Which emerging technologies are currently creating the most meaningful impact on business growth and efficiency?
In my view, the most impactful technologies today are not the loudest ones, they are the ones that quietly reduce existing mess. In a world already drowning in tools, complexity is the real tax on growth. AI is clearly front and center, but its real power shows up when it does very unglamorous things well, forecasting demand more accurately, spotting anomalies early, or taking repetitive work off people’s plates.
Platform modernisation, especially distributed, microservices-based architectures, continues to pay dividends. It forces better cost discipline, clearer ownership, and operational visibility. From a security and DPDP standpoint, modern platforms also make it easier to enforce data minimization, purpose limitation, and tighter access controls, principles that regulations now rightfully demand.
Automation is the quiet hero in all this. Whether in IT operations or security workflows, it prevents small cracks from turning into business outages or compliance headaches.
“The best technologies don’t announce themselves—they just make problems disappear before anyone has to explain them.”
Sustainable growth today comes from stable, secure, and compliant foundations that let the business move faster without accumulating invisible risk.

Jai Prakash Sharma, Executive Vice President – Technology, Info Edge India Ltd
How are AI, data analytics, and automation reshaping decision-making and operational models across organisations?
Decision-making has moved from periodic reviews to continuous awareness. As a CIO, I see observability and analytics replacing hindsight with foresight. As a CISO, I see the same capabilities helping organisations identify risk and behavioural patterns early, before they escalate into incidents or regulatory exposure.
AI does not replace judgment; it challenges it. It surfaces uncomfortable truths, exposes blind spots, and removes the comfort of guessing. Automation then ensures that decisions, once made, are executed consistently, whether that means scaling infrastructure or isolating a suspicious activity involving personal data.
The healthiest organisations treat AI like a co-pilot, not an autopilot. Humans still define intent, ethics, and accountability, especially critical under DPDP, where responsibility cannot be delegated to an algorithm.
“AI doesn’t make decisions for leaders—it simply makes weak decisions harder to defend.”
Operationally, this creates calmer environments, fewer surprises, and much less dependence on late-night heroics.
How important is cross-functional collaboration between technology and business teams in driving successful tech adoption?
From a technology and security standpoint, collaboration is the difference between adoption and abandonment. Most technology failures are not technical, they are conversational, or worse, governance failures.
When business teams bring objectives without context, or technology teams respond with solutions without understanding revenue, risk, or regulatory impact, friction is inevitable.
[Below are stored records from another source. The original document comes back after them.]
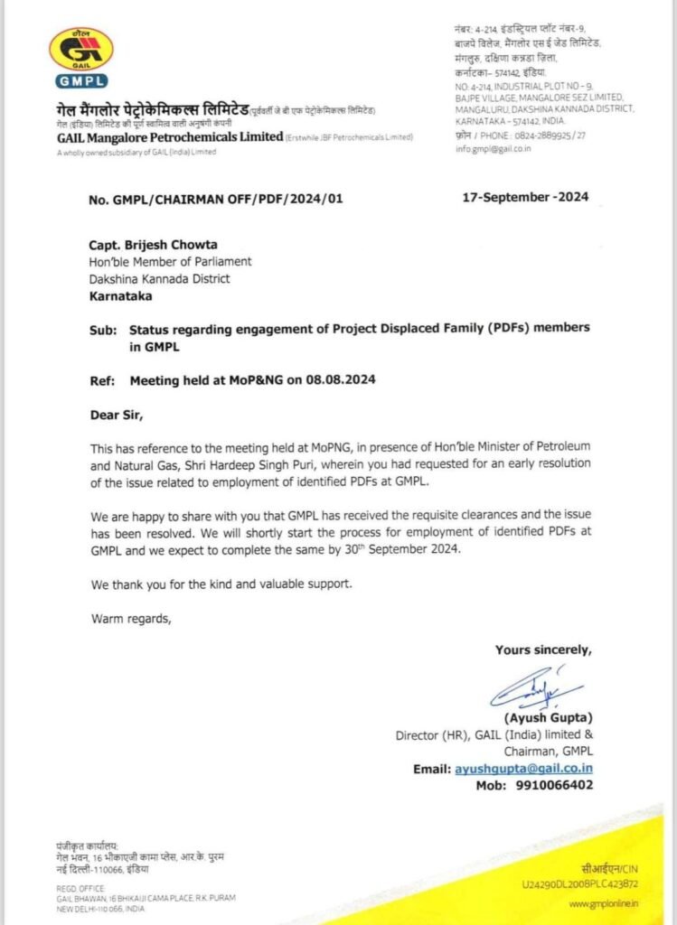 ಕ್ಯಾ. ಚೌಟ ಅವರು, ತಮ್ಮ ಚೊಚ್ಚಲ ಅಧಿವೇಶನದ ವೇಳೆಯೇ ಅಂದರೆ ಕಳೆದ ಜೂನ್ 26ರಂದು ಕೇಂದ್ರ ಸಚಿವ ಹರ್ದೀಪ್ ಸಿಂಗ್ ಪುರಿ ಅವರನ್ನು ಭೇಟಿಯಾಗಿ ಮನವಿ ಸಲ್ಲಿಸಿದ್ದರು. ಈ ಪತ್ರದಲ್ಲಿ ಕ್ಯಾ. ಚೌಟ ಅವರು, ಭೂಮಿಯನ್ನು ಸ್ವಾಧೀನ ಪಡಿಸಿಕೊಂಡಿದ್ದಾಗ ಜೆಬಿಎಫ್‌ಪಿಎಲ್‌ ಭೂಮಿ ಕಳೆದುಕೊಂಡವರಿಗೆ  ಪೂರ್ಣಾವಧಿ ಉದ್ಯೋಗದ ಭರವಸೆ ನೀಡಿತ್ತು. ಹೀಗಾಗಿ, ಸಚಿವರು ಮಧ್ಯಪ್ರವೇಶಿಸಿ ಪಿಡಿಎಫ್‌ ಆಧಾರಿತ ಪೂರ್ಣಾವಧಿ ಉದ್ಯೋಗವನ್ನು ಜಿಎಂಪಿಎಲ್‌ನಲ್ಲಿ ಒದಗಿಸುವಂತೆ ಮನವಿ ಮಾಡಿದ್ದರು. ಚೌಟ ಅವರ ಈ ಮನವಿ ಬೆನ್ನಲ್ಲೇ ಆ.7ರಂದು ಸಚಿವ ಹರ್ದೀಪ್‌ ಸಿಂಗ್‌ ಪುರಿ ಅವರು ಸಂಬಂಧಪಟ್ಟ ಇಲಾಖಾಧಿಕಾರಿಗಳ ಮಹತ್ವದ ಸಭೆ ನಡೆಸಿದ್ದರು. ಆ ಮೂಲಕ ಕೇವಲ 40 ದಿನದೊಳಗೆ ಈ ಗಂಭೀರ ಸಮಸ್ಯೆಯನ್ನು ಕೇಂದ್ರ ಸರ್ಕಾರದ ಪೆಟ್ರೋಲಿಯಂ ಸಚಿವಾಲಯ ಬಗೆಹರಿಸಿದೆ ಎಂದು ಕ್ಯಾ. ಚೌಟ ಅವರು ಸಂತಸ ವ್ಯಕ್ತಪಡಿಸಿದ್ದಾರೆ
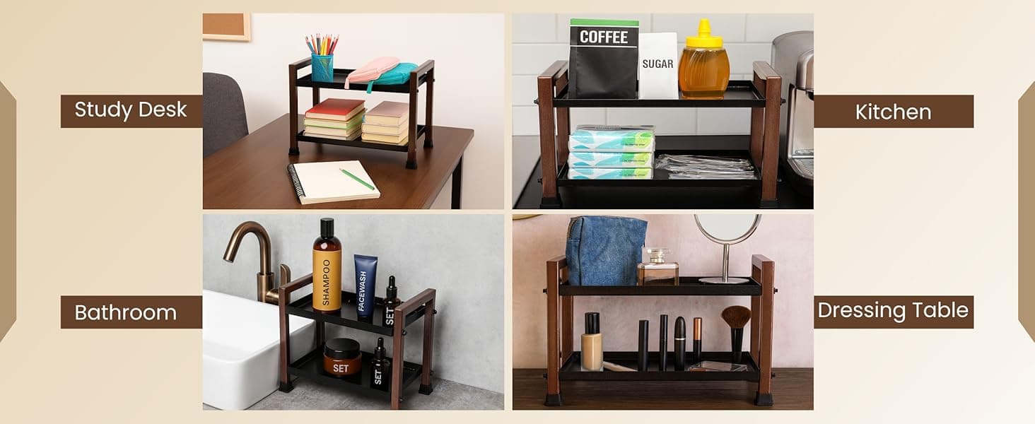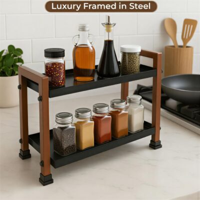 • Space-Saving Countertop Design – The two-tier vertical structure offers ample storage without occupying extra slab space, making it an ideal kitchen platform organiser or corner stand for compact Indian kitchens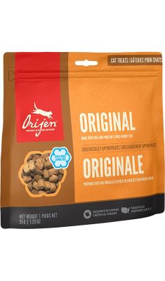 Przysmak dla kota Orijen to 100% surowego lub świeżego mięsa, nie zawiera żadnych sztucznych konserwantów. Mięso z kurczaka i indyka z chowu bezklatkowego oraz flądry łowionej w naturalnym środowisku, jest poddawane procesowi liofilizacji, dzięki czemu przekąska ma bardzo skoncentrowany smak i aromat, jest źródłem naturalnym składników odżywczych, które są niezbędne dla Twojego kota.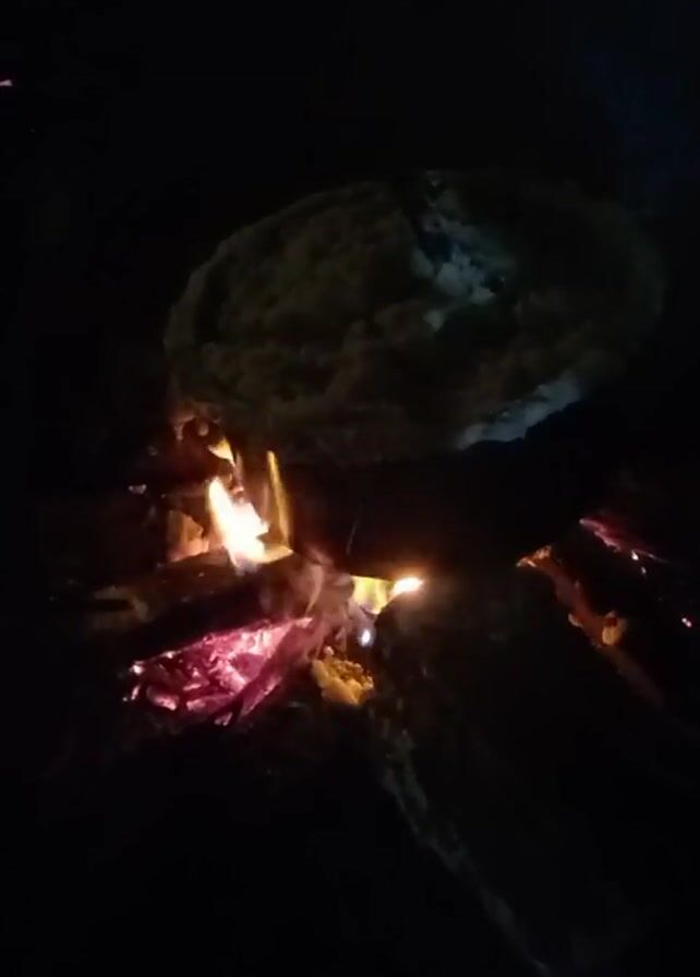A black pot is set over a burning campfire. It is nighttime and very dark. The pot is filled with a light-colored, possibly grainy substance. There is an indistinct light source behind the camera, illuminating the contents of the pot. The fire is made of orange, yellow, and red-glowing pieces of wood and ember. Some parts of the wood appear charred. The ground surrounding the fire is black.

Successful organisations align early, on outcomes, constraints, and trade-offs, including data protection obligations.
Security teams, especially in a DPDP-driven environment, must move from being perceived as blockers to being design partners. When security and privacy are built in early, controls become accelerators rather than speed bumps.
“If business and technology only meet at go-live, the real conversation started far too late.”
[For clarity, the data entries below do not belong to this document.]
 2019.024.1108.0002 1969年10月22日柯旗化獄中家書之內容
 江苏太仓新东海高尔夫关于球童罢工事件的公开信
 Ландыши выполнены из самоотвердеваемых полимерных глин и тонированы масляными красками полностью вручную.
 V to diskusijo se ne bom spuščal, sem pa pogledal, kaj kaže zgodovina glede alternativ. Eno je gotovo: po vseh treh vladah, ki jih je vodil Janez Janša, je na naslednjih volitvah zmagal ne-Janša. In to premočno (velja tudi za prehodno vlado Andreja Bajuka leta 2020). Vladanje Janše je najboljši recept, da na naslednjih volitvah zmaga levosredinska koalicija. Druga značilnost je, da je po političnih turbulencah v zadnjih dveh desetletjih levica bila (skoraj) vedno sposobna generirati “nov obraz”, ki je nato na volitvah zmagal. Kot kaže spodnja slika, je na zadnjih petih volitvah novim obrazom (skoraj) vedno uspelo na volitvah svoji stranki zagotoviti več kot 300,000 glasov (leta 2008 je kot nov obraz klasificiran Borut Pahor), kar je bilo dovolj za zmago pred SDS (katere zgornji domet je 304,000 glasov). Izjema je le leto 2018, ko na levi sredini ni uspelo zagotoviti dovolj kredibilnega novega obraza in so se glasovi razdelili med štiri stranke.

Shared ownership, plain language, and mutual respect drive adoption faster than any new platform ever will.
From your perspective, what aspects of digital transformation are working well today, and where do organisations still need to evolve?
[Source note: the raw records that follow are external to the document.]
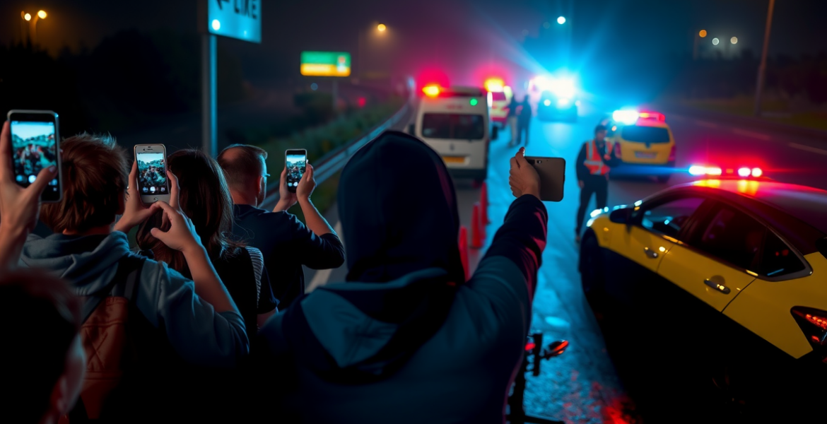 Politie ergert zich aan filmende omstanders na dodelijk ongeluk De politie heeft flink zitten balen van omstanders die na een ernstig ongeluk zondagnacht met hun telefoons stonden te filmen. Bij het ongeluk op de A59 bij Waalwijk overleed een 81-jarige vrouw. Een 24-jarige man en een 23-jarige vrouw uit Arnhem raakten gewond. Het was druk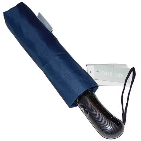 Мужской синий зонтик автомат с большим куполом и стильной ручкой. Полный автомат, длина спиц 125 см., диаметр под раскрытым куполом 114 см. Эргономичная удлиненная ручка с интересным дизайном и металлической планкой с тыльной стороны. Комбинированные спицы из стали и карбона, 8 штук, длина в сложенном состоянии 34 см., модель в три сложения, система анти-ветер.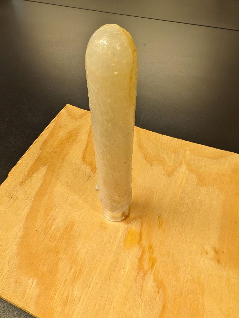 After removing the mucosa, we burned 99% pure elemental sulfur in a stainless-steel pot within a fume hood, hanging the caecum over the handle of the stainless-steel pot to expose it to the "vapour of burning brimstone." We then washed the caecum using Dr. Bronner's Unscented Pure-Castile Soap and distilled water. Finally, we stretched the caecum, external side in, over a glass mold that was oiled with olive oil (See Figure 4). We then removed the caecum from the mold, cut it to size, and sewed a ribbon around the opening (See Figure 5).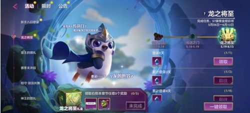 1、活动龙之将至第三篇章开启,每章共有7个限时任务。

Digital transformation has definitely matured. Most organisations now understand distributed architectures, segmentation, data platforms, cybersecurity basics, and, importantly, limited and purposeful data collection. There is also growing recognition that resilience, privacy, and compliance under laws like DPDP are business responsibilities, not IT checkboxes.
Where organisations still struggle is sustainability. Transformation is often treated like a project with an end date, rather than a muscle that must be exercised continuously. Legacy governance models, slow decision-making, and rigid role definitions continue to slow progress.
Another real issue is fatigue. New systems are introduced, but old processes rarely retire. Employees end up doing double the work, which quietly kills adoption.
“Digital transformation fails quietly when complexity grows faster than capability.”
The next phase demands simplification, sharper accountability, and leadership courage to let go of what no longer serves the business, or compliance expectations.
Looking ahead, which technology capabilities should leaders prioritize to remain competitive over the next few years?
Leaders should prioritise resilience over novelty. Strong data governance, scalable architectures, and embedded security and privacy controls will matter far more than chasing the latest trend.
From a CISO lens, cyber and data resilience, detect, respond, recover, and explain, will be a board-level differentiator, especially under DPDP’s accountability framework. From a CIO lens, adaptable platforms and talent models will define how quickly organizations can pivot without breaking trust.
Equally important is responsible technology use. Transparency, consent, and ethical deployment are no longer “nice to have”, they directly influence brand credibility.
“The future belongs not to the fastest adopters, but to the safest fast movers.”
Sustainable competitiveness will come from balancing speed with control, innovation with responsibility, and ambition with trust.